# Firestick Fire TV Smart TV etc?



## barryd (May 9, 2008)

Going to see a pal tomorrow who has just cancelled his Sky subs (Too expensive or something). He has a big smart TV but asked me what the best subscription is for streaming movies etc.

Im not really up to speed to be honest as I get all mine through "other" channels.

Do you only need a Fire TV stick if you dont have a smart TV? Whats the best thing to go for? Hes a numpty so nothing complicated.
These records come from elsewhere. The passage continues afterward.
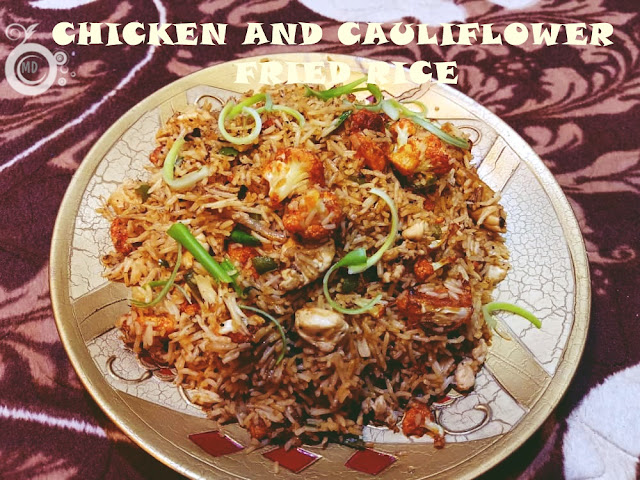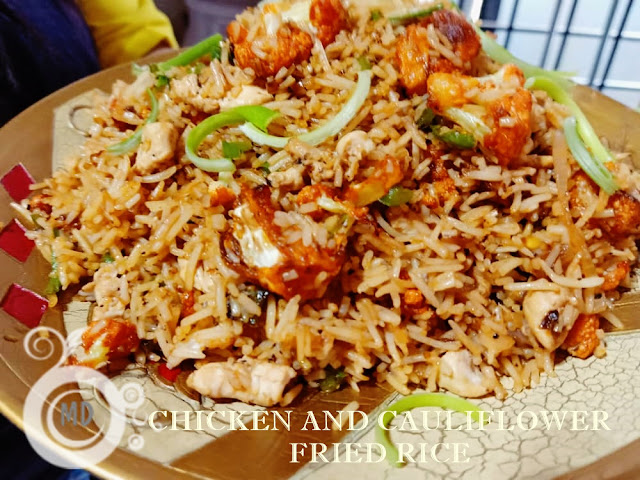 In a wok, heat about 3 tbsp oil. Saute the chopped onions, followed by ginger garlic paste. Once aromatic, add in chicken pieces, followed by slit green chillies, and capsicum. Stir until the chicken and capsicum are cooked well, then add in cooked rice. Stir fry the ingredients together to ensure they are incorporated well. Then mix in the sauces (tomato sauce, chilli sauce, and dark soy sauce). Stir the sauces well with the rice. Throw in the fried cauliflower as well. Combine well and add salt and sugar to taste. Dish out and garnish with chopped spring onions. Serve hot.
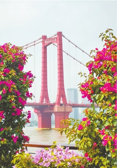 鹦鹉洲长江大桥如红色巨龙横卧江上,桥下的江水静静流淌。各色鲜花竞相绽放,大桥在花儿的簇拥下,更显生机与柔美。
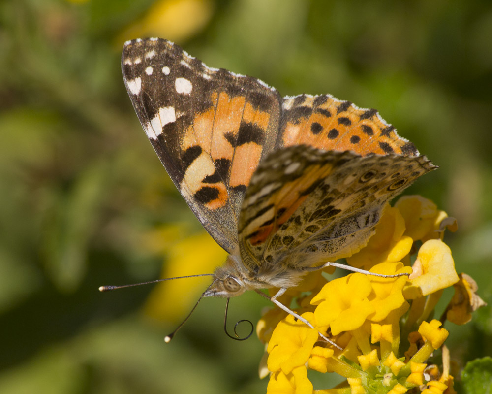 The next day the original butterflies were back. Several other species were also present, though in smaller numbers. I decided to be a little braver with focal length, so instead of the 40-150 zoom, I put the 70-300 mm lens on my camera and went back out to see whether this longer lens would work at all. With my Olympus camera, it’s roughly the equivalent of a 600mm lens on a full-frame DSLR, and I was still worried that I couldn’t hold it steady enough. But if it did work, it would give me images that needed little or no cropping.

I was just going to check out if netflix was on his TV and get him to sub up for that.


----------



## randonneur (Jan 25, 2007)

I was given a Firestick for Christmas and only just got round to setting it up. The TV I have plugged it into is just an ordinary TV with Freeview built in, nothing special, the Firestick works great and even got my Sony Bluetooth headphones working with it. I haven't subscribed to any of the Apps on it as yet but will look closer at this another time.


----------



## barryd (May 9, 2008)

Thanks. As far as I am aware you dont need one if you have a fancy TV. Ill go and have a look at what he has and take it from there. I hardly ever bother with an actual TV So dont keep up with these things really.


----------



## patp (Apr 30, 2007)

Do keep us posted. I am so fed up with the mainstream channels now. Never thought I would say it. We used to watch BBC almost exclusively, so much so that it was a running family joke that we knew nothing about new products coming to market because we never saw a commercial. Now I have to get busy with the video recorder to catch something decent to watch for when we sit down in the evening. Winter used to be great tv but not any more


----------



## raynipper (Aug 4, 2008)

We have a 'fancy' big and smart TV but anytime I try and get it connected to the net or anything but Freesat, I get asked how long an I going to be messing about cos there is something on regular TV that MUST be watched immediately. So I give up and this has been going on for years now.
Isn't 200 channels enough??

Ray.


----------



## Pudsey_Bear (Sep 25, 2008)

I have a Roku stick one of the members gave me FOC, it works quite well, I don't know if a firestick is any better or not, but if you want to watch Netflix etc, you need to subscribe, it does give access to freeview channels too, but a 20 PVR will do that and record.


----------



## raynipper (Aug 4, 2008)

But it all depends on internet speed and half of us don't have the fast service to watch without buffering or connection problems.
It's all a ploy of manufacturers trying to squeeze more cash from us for questionable benefits.

Ray.


----------



## Pudsey_Bear (Sep 25, 2008)

3rd world countries sometimes get a faster internet than we do here, cable is best if you can get it.


----------



## barryd (May 9, 2008)

Thanks

I think he has a reasonable internet connection. about 10mbps which is pretty good for round here. I Dont think Netflix is very much so it might be the way to go for him if his TV has an app for it otherwise he will need a Fire TV thing I guess. I think there is also Amazon Prime. Not sure which has the best movies. I always thought both were mainly about series rather than Films.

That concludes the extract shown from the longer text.